■ Recorded information ■
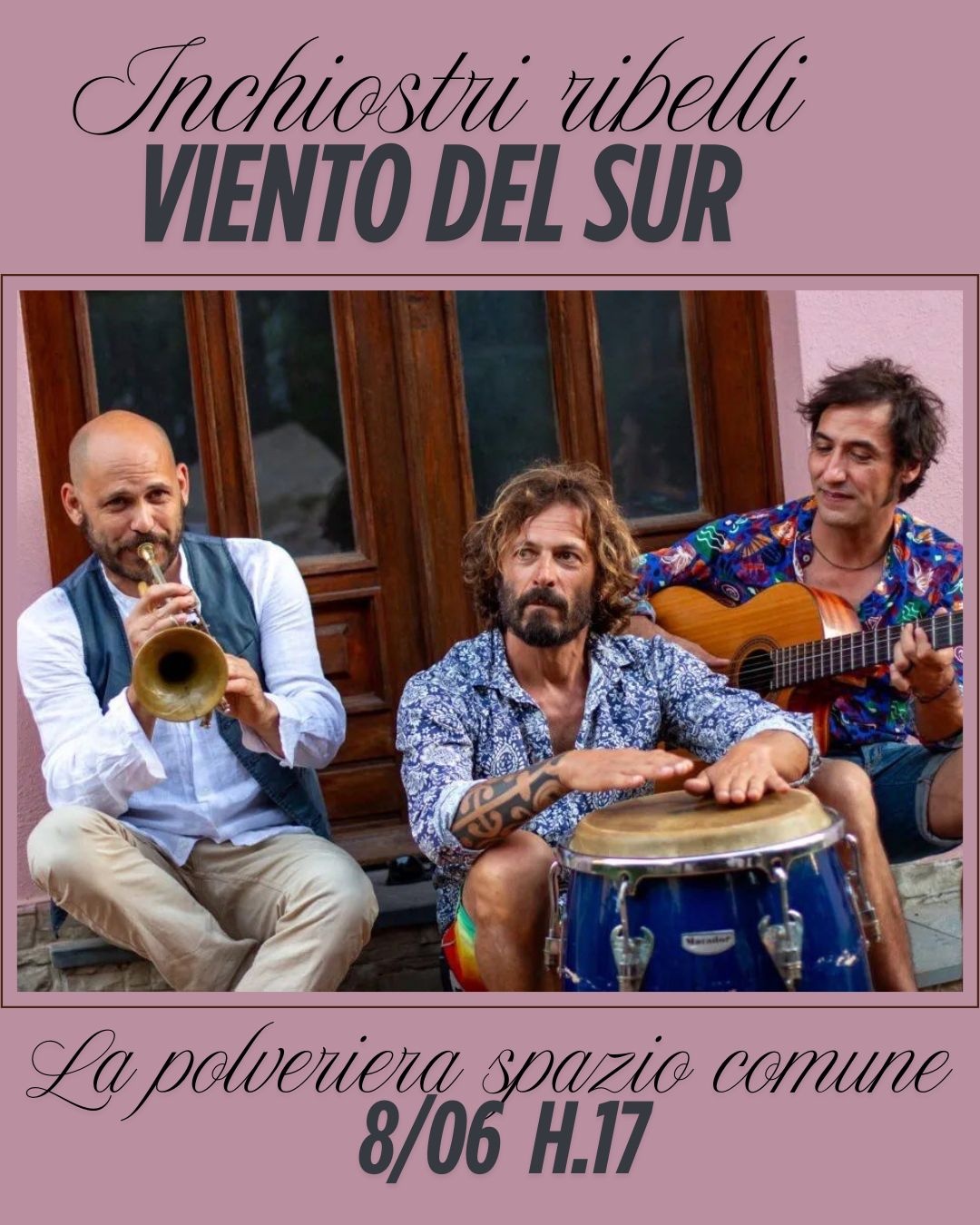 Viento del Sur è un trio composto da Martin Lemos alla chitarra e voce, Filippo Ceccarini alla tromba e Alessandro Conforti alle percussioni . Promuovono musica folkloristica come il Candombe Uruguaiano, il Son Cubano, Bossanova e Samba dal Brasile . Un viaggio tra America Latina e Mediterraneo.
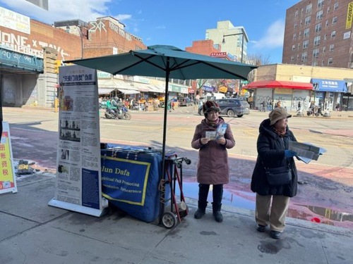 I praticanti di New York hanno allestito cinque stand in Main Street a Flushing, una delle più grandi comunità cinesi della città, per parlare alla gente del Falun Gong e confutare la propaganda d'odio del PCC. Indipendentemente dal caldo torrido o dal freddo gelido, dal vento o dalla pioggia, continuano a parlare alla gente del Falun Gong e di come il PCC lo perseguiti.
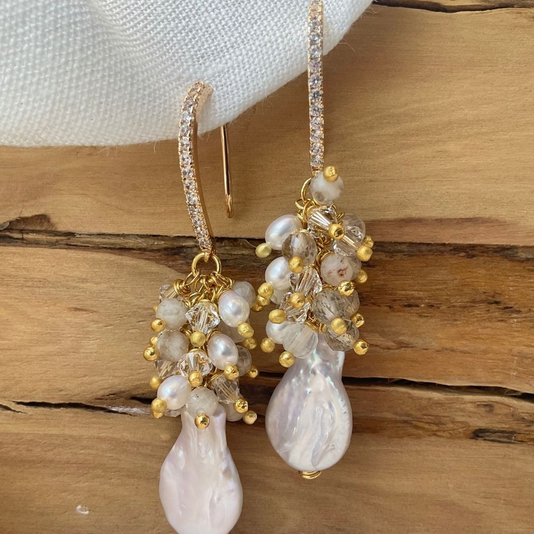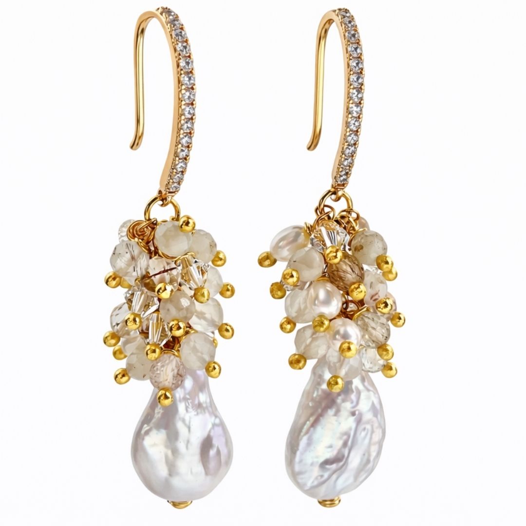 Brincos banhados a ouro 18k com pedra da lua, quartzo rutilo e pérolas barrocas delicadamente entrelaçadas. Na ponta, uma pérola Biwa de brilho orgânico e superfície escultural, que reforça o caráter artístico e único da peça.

■ Exercise directions ■
When you copy the listing above, reproduce every line exactly and skip the images.

■ Exercise solution ■
 Viento del Sur è un trio composto da Martin Lemos alla chitarra e voce, Filippo Ceccarini alla tromba e Alessandro Conforti alle percussioni . Promuovono musica folkloristica come il Candombe Uruguaiano, il Son Cubano, Bossanova e Samba dal Brasile . Un viaggio tra America Latina e Mediterraneo.
 I praticanti di New York hanno allestito cinque stand in Main Street a Flushing, una delle più grandi comunità cinesi della città, per parlare alla gente del Falun Gong e confutare la propaganda d'odio del PCC. Indipendentemente dal caldo torrido o dal freddo gelido, dal vento o dalla pioggia, continuano a parlare alla gente del Falun Gong e di come il PCC lo perseguiti.
 Brincos banhados a ouro 18k com pedra da lua, quartzo rutilo e pérolas barrocas delicadamente entrelaçadas. Na ponta, uma pérola Biwa de brilho orgânico e superfície escultural, que reforça o caráter artístico e único da peça.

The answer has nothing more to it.